A pump is a hardware, which feeds energy to a fluid (e.g. Water) to flow through channels. Pumps are used, for example, to direct water out of the ground, to transport drinking or sewerage water over large distances in combined pipe networks or to discard water from polders. In any practical application, the pump needs to work with its best performance. It is also important to check that the flow rate and head of the pump are within the required specifications, which are normally presented as the *Pump Characteristic curves*. These plots play an important role in understanding the region in which the pump needs to be operated thus ensuring the life of the pump.

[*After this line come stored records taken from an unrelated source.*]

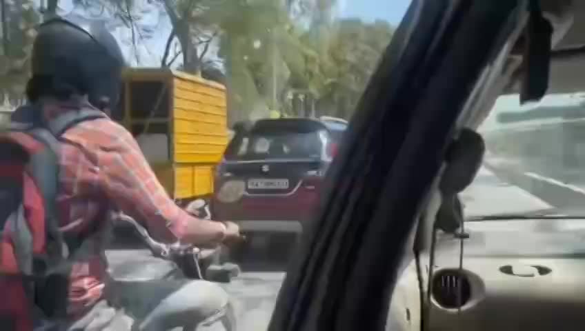India. Road Rage. After a traffic accident, the SUV driver took off abruptly, and the man clung to the hood for almost a mile.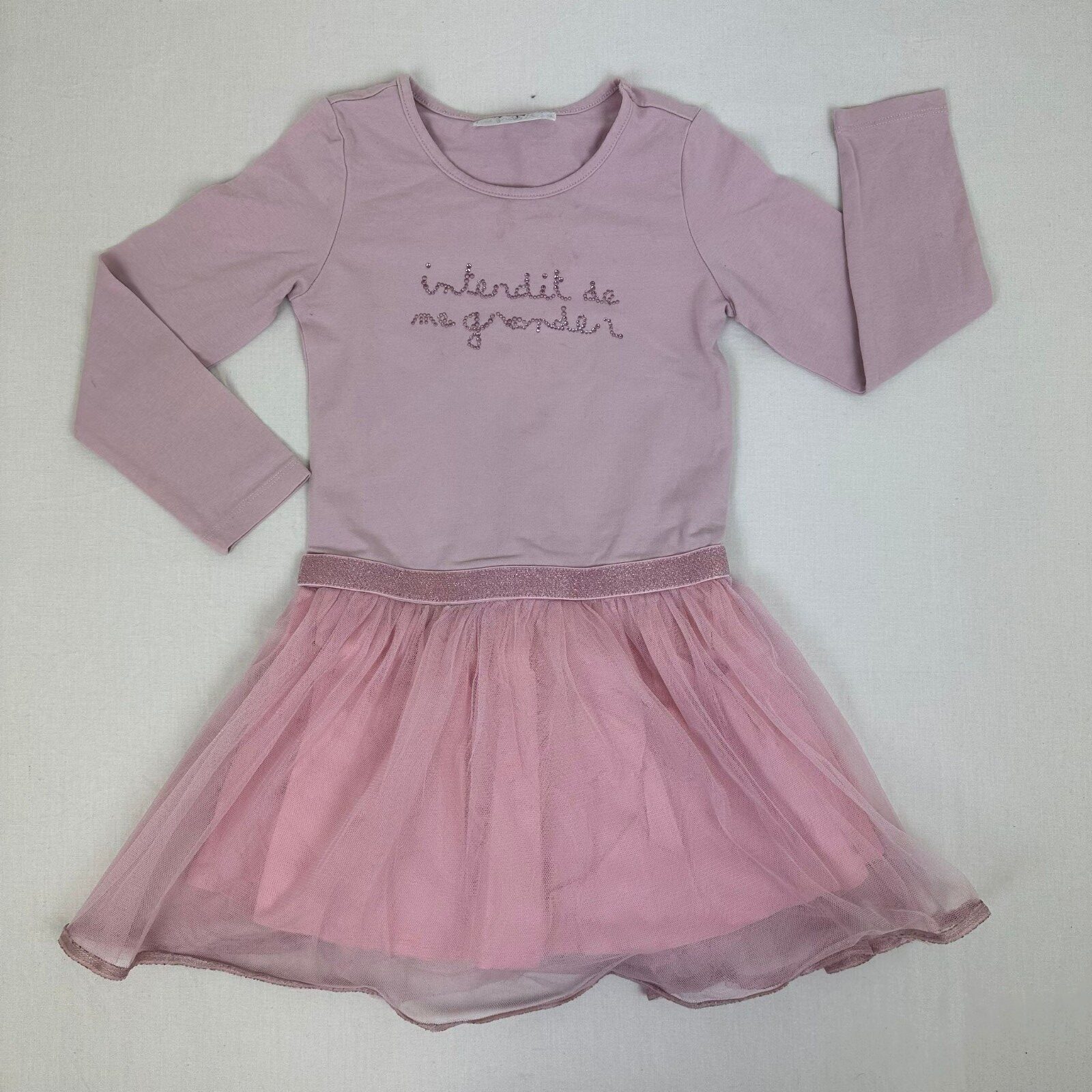 Autres commentaires : Robe longue rose. Haut manches longues en jersey, bas en tulle doublure en toile.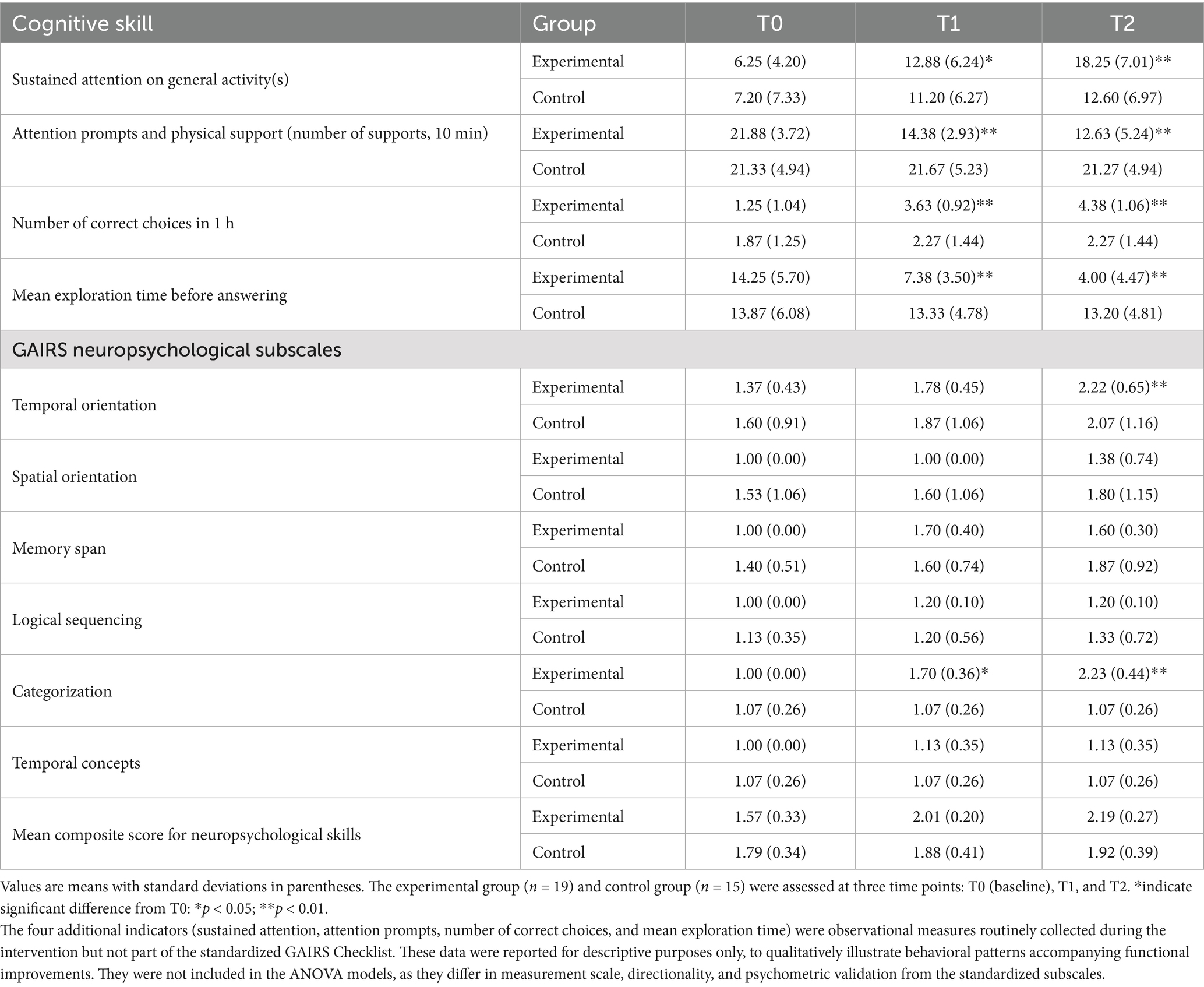 Overall, the mean composite score for neuropsychological skills increased from 1.57 (SD = 0.33) at T0 to 2.19 (SD = 0.27) at T2 in the experimental group, reflecting global cognitive improvement. In contrast, the control group showed only marginal gains. These patterns support H1 and are consistent with H3, which anticipated cumulative improvements after the second treatment cycle.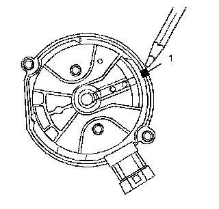 7. Once the distributor is completely seated, the rotor segment should be aligned with the mark on the distributor base (1).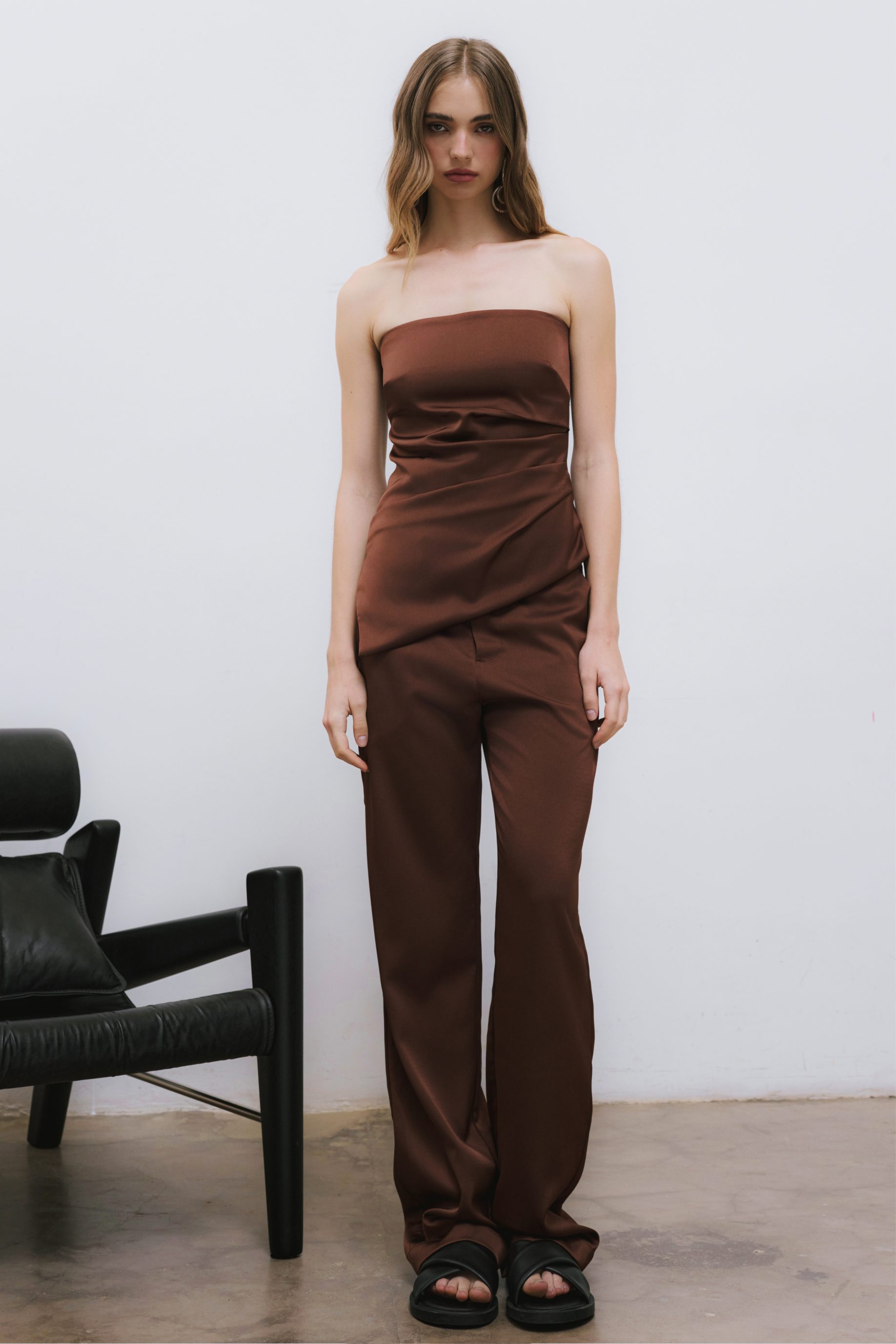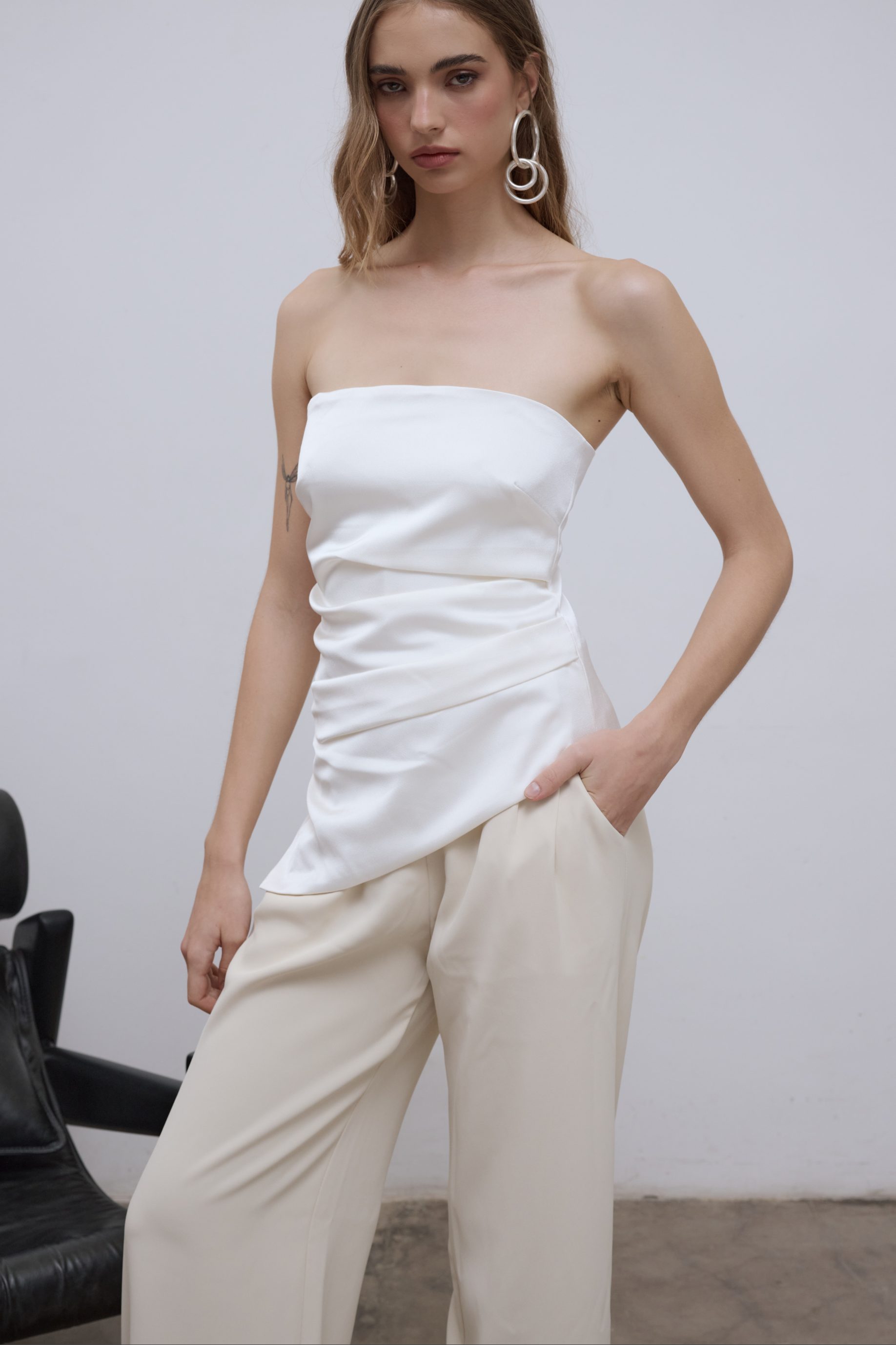 R$398,00R$148,00 6 x R$24,67Blusa estruturada de crepe acetinado com shape acinturado e forro embutido. Possui modelagem tomara que caia, barra assimétrica e drapeado na lateral. Fechamento com zíper invisível na parte de trás da peça.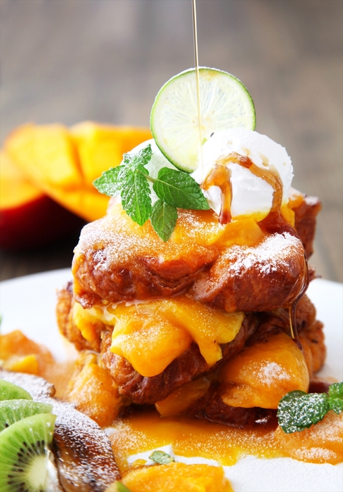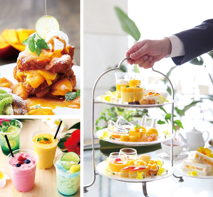 溢れるマンゴーのとろける果肉とジューシーソースが贅沢なフレンチトースト、みずみずしい沖縄産マンゴーの上品な甘みと香りを堪能できるアフタヌーンティー、ゆったりリゾート気分に華を添えるトロピカルドリンクを夏の海を一望する絶景カフェでお愉しみください。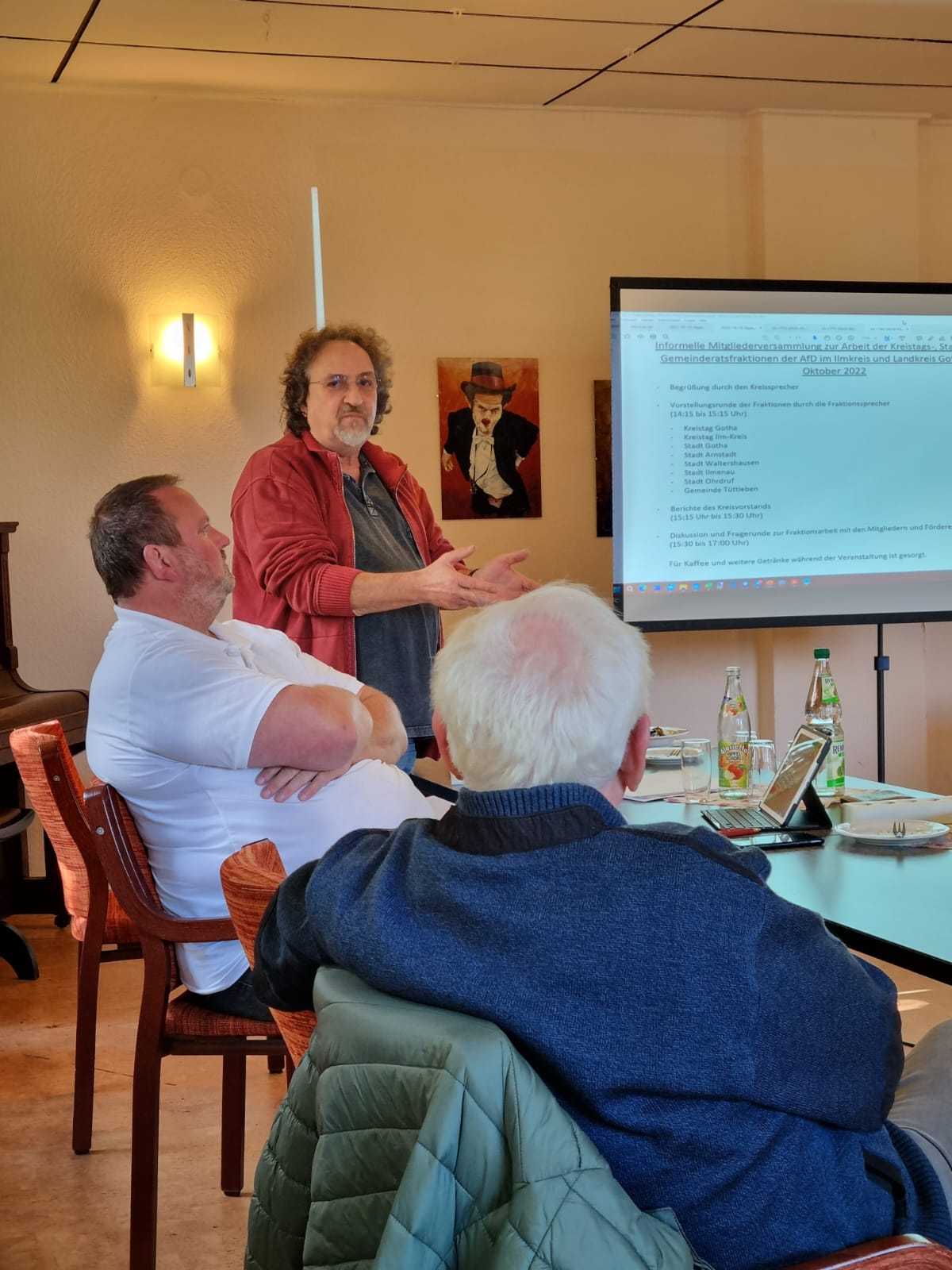 Am Sonnabend haben wir unsere Klausur der Kreistags-, Stadtrats- und Gemeinderatsfraktionen der AfD im Ilmkreis und Landkreis Gotha abgehalten. Am Vormittag haben sich die von den Fraktionen abgesandten Fraktionsmitglieder über ihre Arbeit ausgetauscht, dabei wurde unter anderem über Anträge und die Erfahrungen in den Stadträten und Kreistagen gesprochen. Neben dem Austausch gab es zwei Fachvorträge zum Umgang mit dem Cloud-System zum Informationsaustausch durch Dr. Jens Dietrich und einen Vortrag von Kommunalexperte Stephan Müller von der Vereinigung VKKT (Verein konservativer Kommunalpolitiker in Thüringen).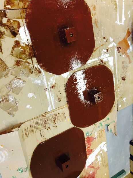 13. después de las capas de barniz seco, tomar los tornillos y el tornillo en el poste de metal de 44 pulgadas en la parte superior y la base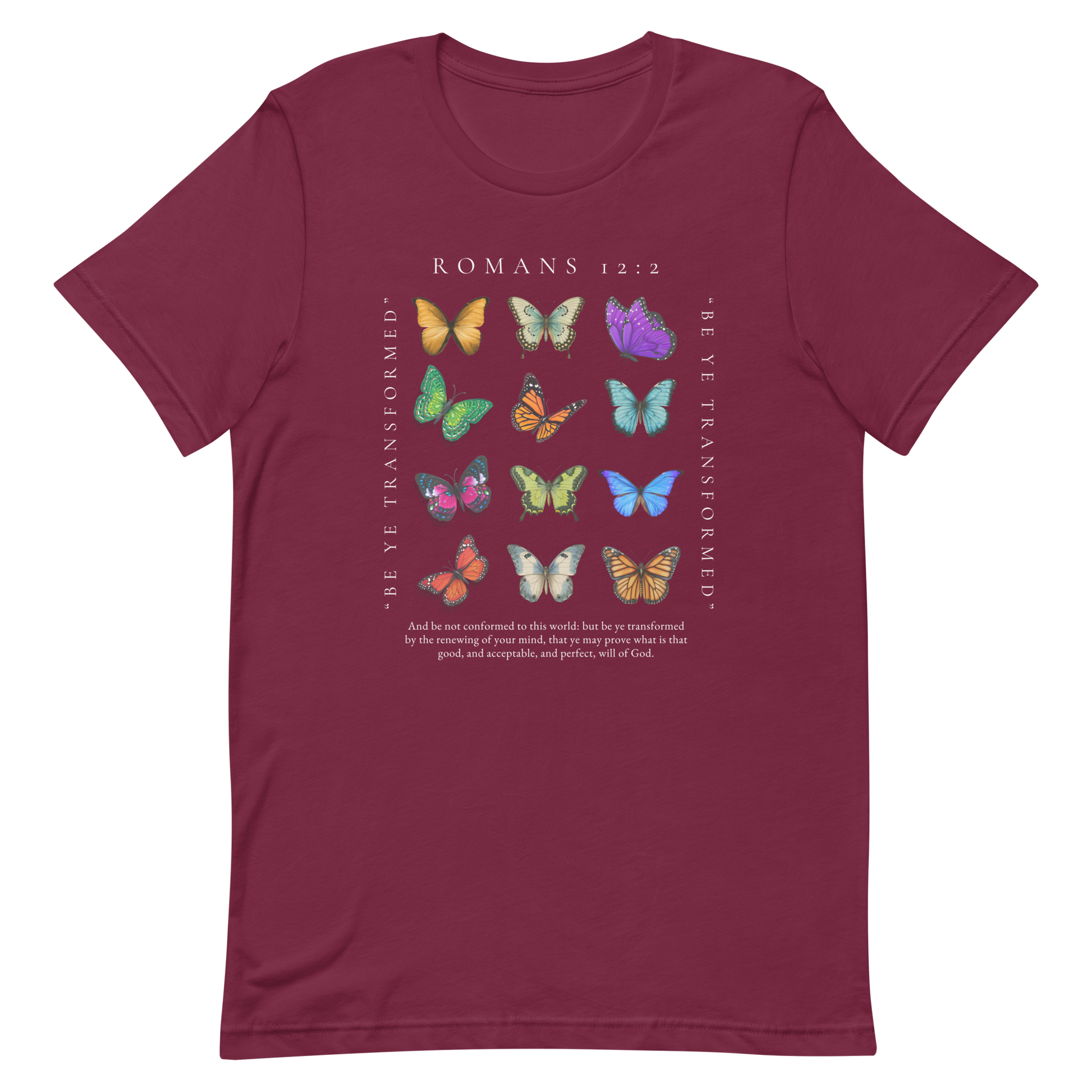 BE YE TRANSFORMED| ROMANS 12:2 T-Shirt (#5 butterflies)
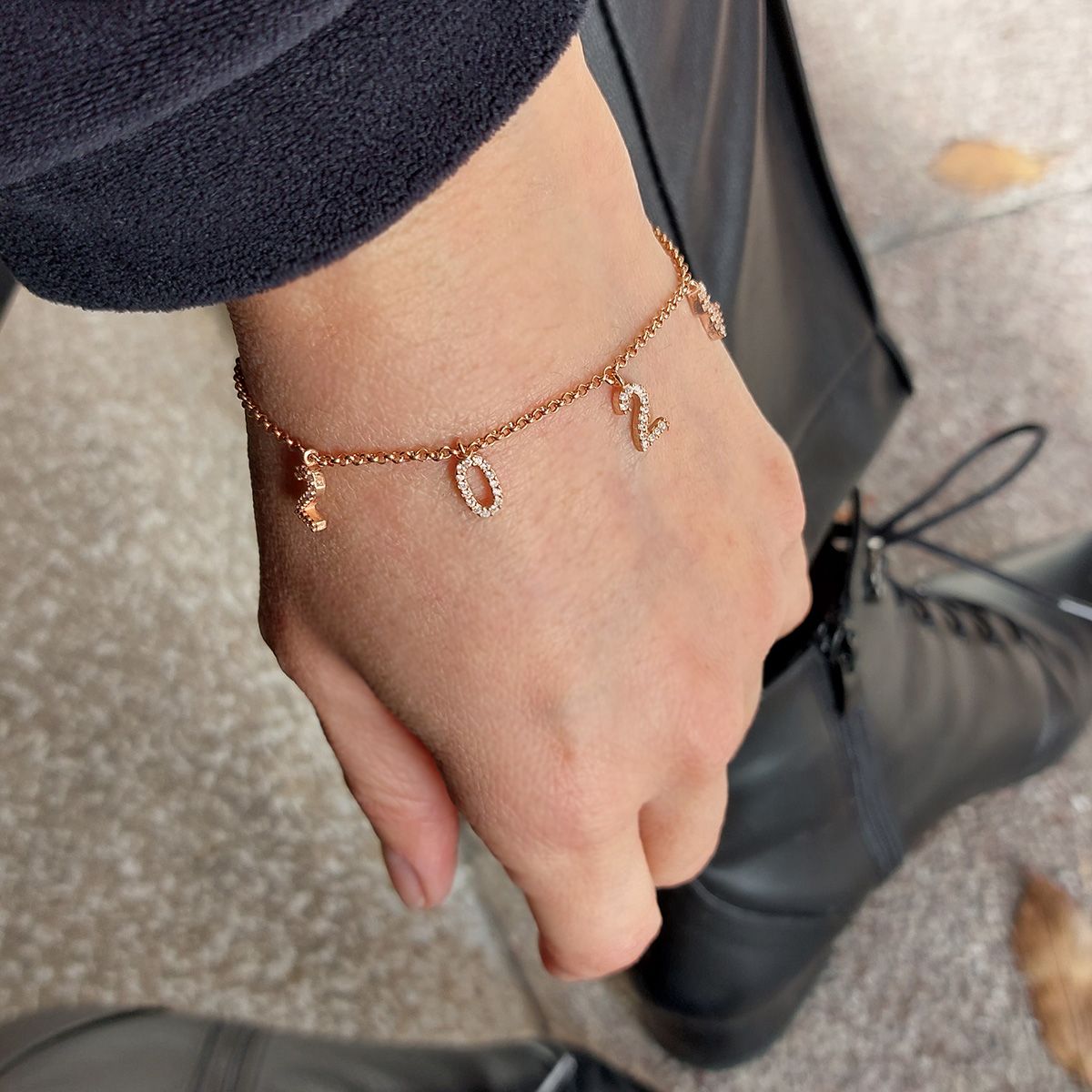 Γούρι βραχιόλι, από ροζ επιχρυσωμένο ασήμι 925ο και λευκά cubic zirconia, με μήκος 17.5 εκατοστά συν προέκταση. Για μία νέα χρονιά, γεμάτη αισιοδοξία! Έρχεται σε εσάς με δωρεάν μεταφορικά!

**Pump Characteristic Curves**

The performance of any type of pump can be shown graphically, which can be based on either the tests conducted by the manufacturer or the simulations done by the designer. These plots are presented as *Pump Characteristic Curves.* The hydraulic properties of any pump (e.g. Centrifugal Pump) can be described by the following characteristics.

- Q-H Curve
- Efficiency Curve
- Net Positive Suction Head (NPSH) Curve

__Q-H Curve __

__Q-H Curve__

The Q-H curve gives the relation between the volume flow rate and the pressure head, i.e. the lower the pump head, the higher the flow rate. Q-H curves are provided by the manufacturer of the pump and can normally be considered as simple quadratic curves.